EXERCISE DETAILS:
Everything from the line containing "7月16日,青島通濟實驗學校" through the final line below must be output exactly, both ends included, with nothing else and no pictures.

ENTRIES PROVIDED:
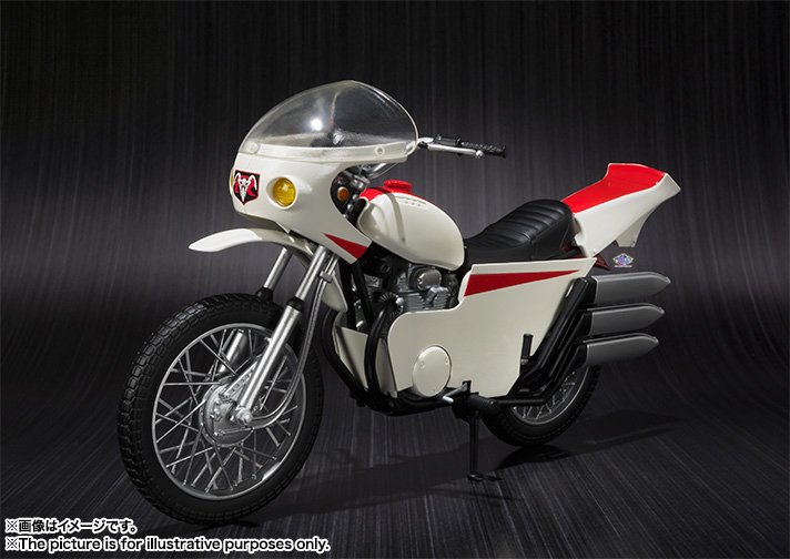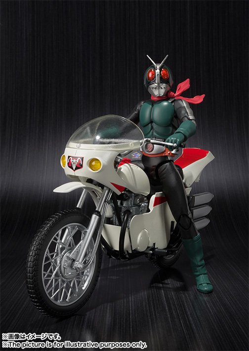 Kamen Rider Sango is the main character of the Super Hero Taisen GP movie which was released in last March in the Japanese theaters. In this movie, the story of Kamen Rider is rewritten and in this world the evil organization Shocker will create two more Rider after Ichigo and Nigo : Kamen Rider Sango and Yongo. In the original story of Kamen Rider and especially the first series started in 1971, the first motorcycle of each heroes was called Cyclone. A first S.H.Figuarts of this motorcycle was already released in August 2013 and this new version is a remodeling. It will be released, as the figure of Kamen Rider Sango, in next October and will be also available for the occasion in a set with the figure of Kamen Rider Kyu Nigo (which is the character in his debuts appearance in the series).
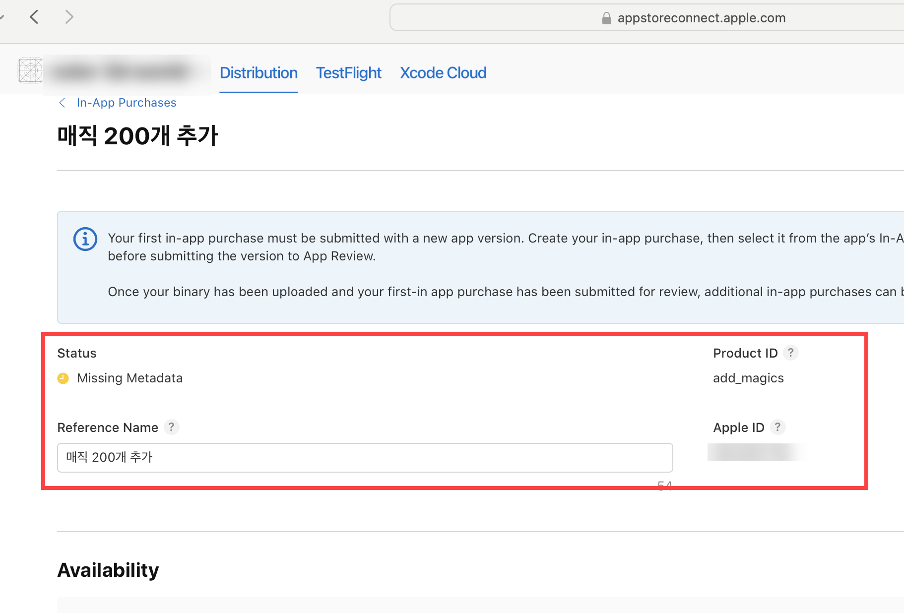4)해당 인앱구매가 사용가능한 국가 및 지역을 설정하기위해 Availability(사용 가능 여부)의 set up availability(사용가능여부 설정)로 이동합니다.
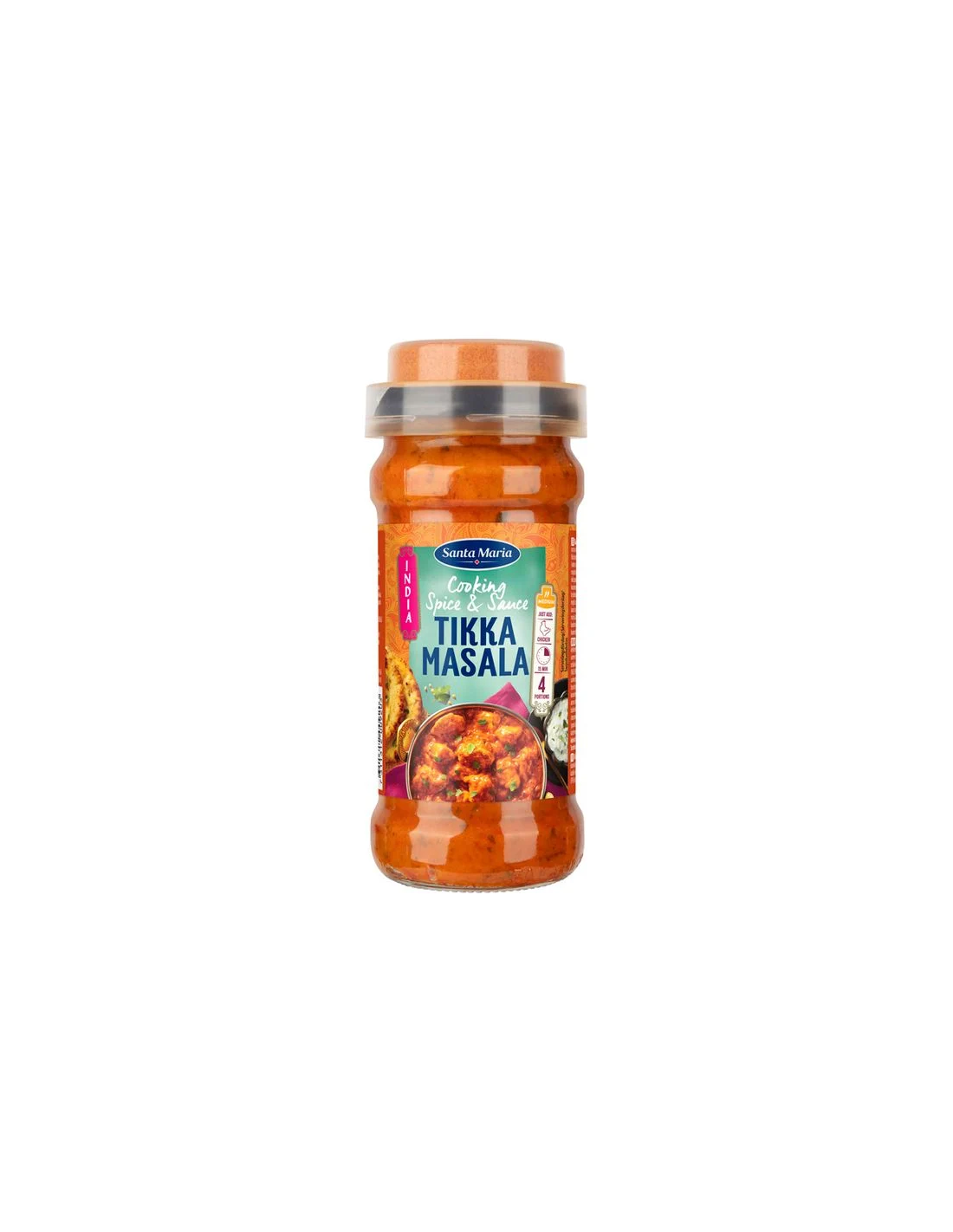 Kaste (97%)(Vesi, sibul (25%), KOOR (PIIM) (19%), rapsiõli, suhkur, tomatipasta, modifitseeritud maisitärklis, sool, kuivatatud sibul, happesuse regulaator (sidrunhape, piimhape), kurkum, suitsutatud paprika, ingveripüree, toiduvärv (paprikaekstrakt), küüslaugupüree, vürtsköömnepulber, koriandripulber, põld-lambaläätse leht, koriandrileht, vürtsköömen, koriander, paprika, maitsetugevdaja, nelk, mangopulber, küüslaugupulber, sibul, cassia kaneel, roheline kardemon, põld-lambalääts, ingver, must kardemon, tšillipulber, must sool, tähtaniis, muskaatpähkel, sidrunipulber, kaneel, must pipar, vürts, loorberilehed). Maitseainekorgi sisu (3.0%) (paprika, vürtsköömen, riisijahu, sool, koriandriseemned, dekstroos, kaneel, kardemon, kassia, lõhna- ja maitseaine, nelk, põld-lambalääts).
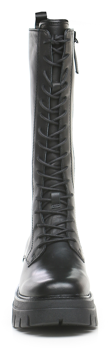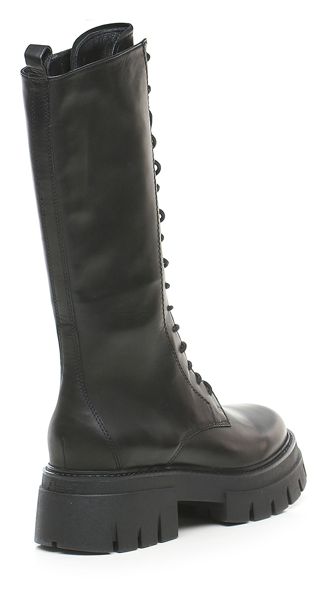 Leather boot with side zip. Rubber lug sole. 55mm heel height, 35mm platform with 20mm ledge. Leg height 29cm.
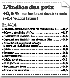 - n Economie. Bilan de l'Institut de la statistique et des études économiquesDans son dernier bilan, l'Isee fait état d'une faible inflation sur l'année 2014. Sur les douze derniers mois, les prix sont en hausse de 0,6 %, contre 0,7 % en 2013.Une inflation « très modérée ». L'Institut de la statistique et des études économiques (Isee) a publié, hier matin, l'indice des prix à la consommation du mois de décembre, ainsi que le bilan de l'inflation en 2014. Résultat : cette dernière a augmenté de 0,6 % en un an (contre 0,7 % enIl vous reste 74% de l'article à découvrir.Cet article est réservé aux abonnés.
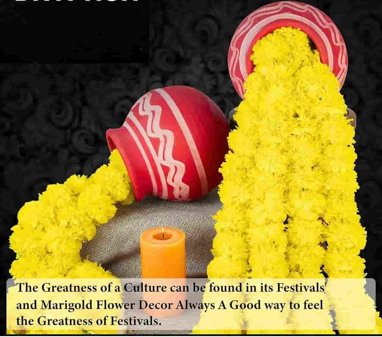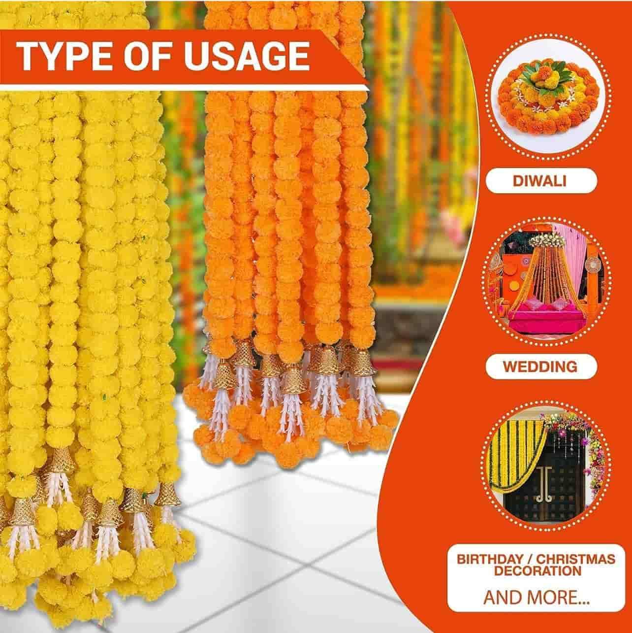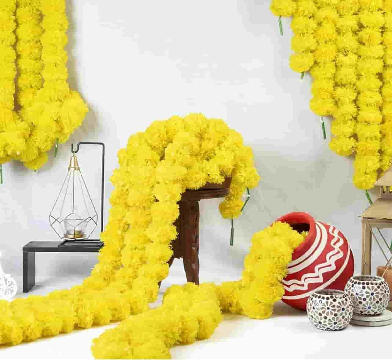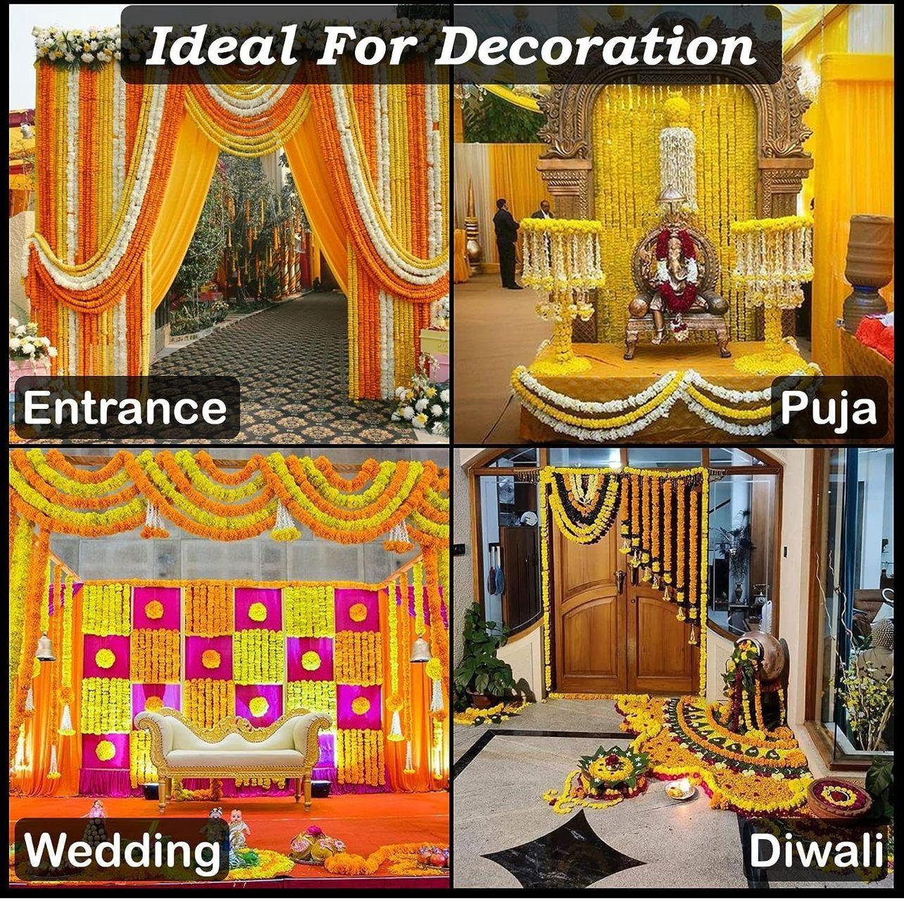 multipurpose garland flowers for decoration: perfect for home entrances, doors, walls, balconies, temples, and stage backdrops, these marigold flower garlands are versatile enough for any setup. the combination of yellow and orange flower decoration strands creates a harmonious blend of traditional aesthetics with vibrant charm for wall hanging decor, flower hanging for decoration, artificial flower, decoration flower, haldi decoration items, garlands for home decoration, flowers for decorations backdrop, hanging decoration items, ganesh chaturthi decoration setup, ganesh decoration items for home, ganesh chaturthi decoration.
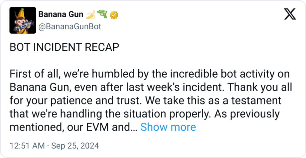 The breach on Banana Gun reported on September 19 forced the company to suspend its Ethereum Virtual Machine (EVM) and Solana bots.
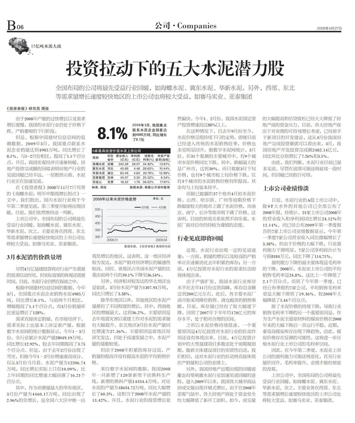 由于2008年产能的过快增长以及需求增长缓慢,我国的水泥行业仍处于价格下跌、产销萎缩的下行阶段。但是,根据中国建材信息总网的监测数据,2009年3月,我国重点联系水泥企业销量达到4985万吨,同比增长了8.1%,与1—2月份相比,提高了1.1个百分点。并且,我国宏观经济正逐渐转暖,房地产投资完成额的回收表明房地产行业的见底回暖已经不远,一切都预示着,水泥行业正在加速见底。
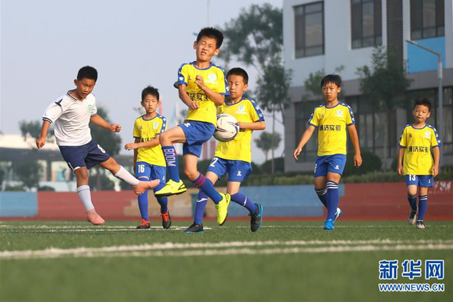 7月16日,青島通濟實驗學校的小球員在足球場上進行比賽。(新華社發 梁孝鵬/攝)
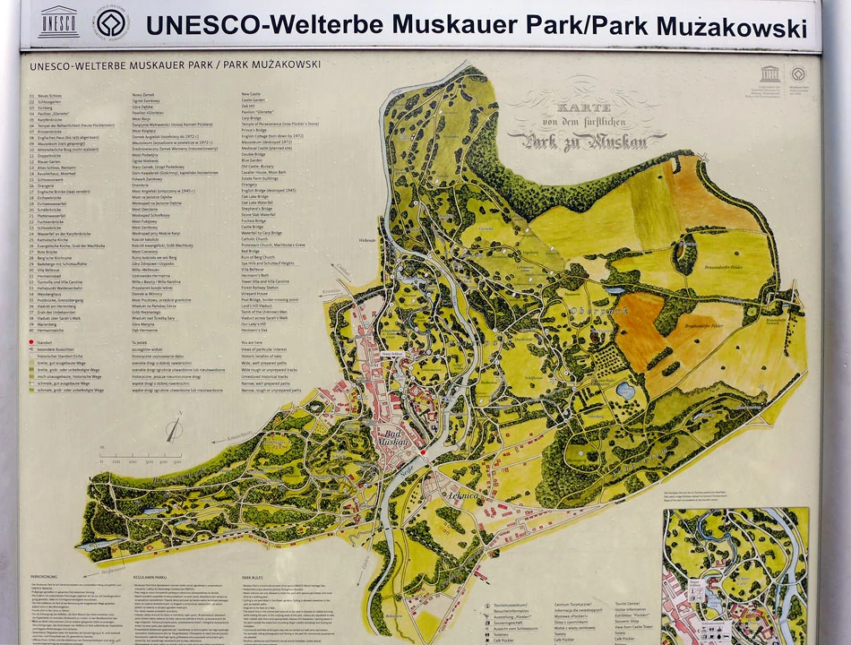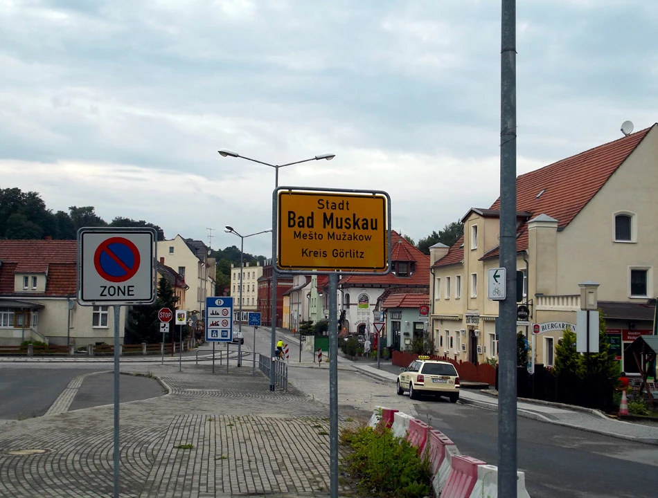 Przestaje padać, a my wjeżdżamy do Bad Muskau — Mużakowa — Mešto Mužakow. Malownicze miasteczko znane jest głównie z parku w stylu angielskim, wpisanego na listę Unesco. Kiedyś Mużaków tworzył jedno miasto z Łęknicą. Dzisiaj park, mający ponad 700 hektarów powierzchni, podzielony jest granicą państwową. Ponad 500 hektarów jest na terenie Polski, a przez park płynie rzecz jasna Nysa. Obecność Serbołużyczan widać do dzisiaj w nazwach ulic.
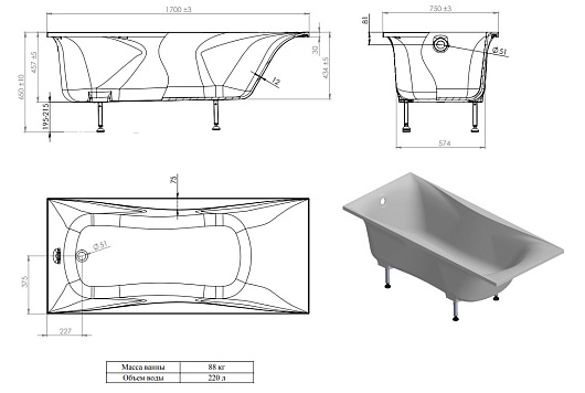 Astra-Form Ванна Вега 170х75, литой мрамор
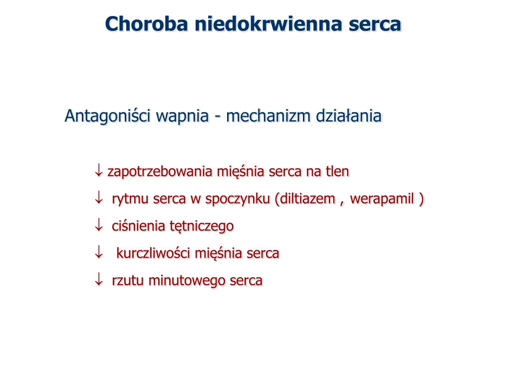 Choroba niedokrwienna serca Antagoniści wapnia - mechanizm działania zapotrzebowania mięśnia serca na tlen rytmu serca w spoczynku (diltiazem , werapamil ) ciśnienia tętniczego kurczliwości mięśnia serca rzutu minutowego serca

TASK RESPONSE:
 7月16日,青島通濟實驗學校的小球員在足球場上進行比賽。(新華社發 梁孝鵬/攝)
 Przestaje padać, a my wjeżdżamy do Bad Muskau — Mużakowa — Mešto Mužakow. Malownicze miasteczko znane jest głównie z parku w stylu angielskim, wpisanego na listę Unesco. Kiedyś Mużaków tworzył jedno miasto z Łęknicą. Dzisiaj park, mający ponad 700 hektarów powierzchni, podzielony jest granicą państwową. Ponad 500 hektarów jest na terenie Polski, a przez park płynie rzecz jasna Nysa. Obecność Serbołużyczan widać do dzisiaj w nazwach ulic.
 Astra-Form Ванна Вега 170х75, литой мрамор
 Choroba niedokrwienna serca Antagoniści wapnia - mechanizm działania zapotrzebowania mięśnia serca na tlen rytmu serca w spoczynku (diltiazem , werapamil ) ciśnienia tętniczego kurczliwości mięśnia serca rzutu minutowego serca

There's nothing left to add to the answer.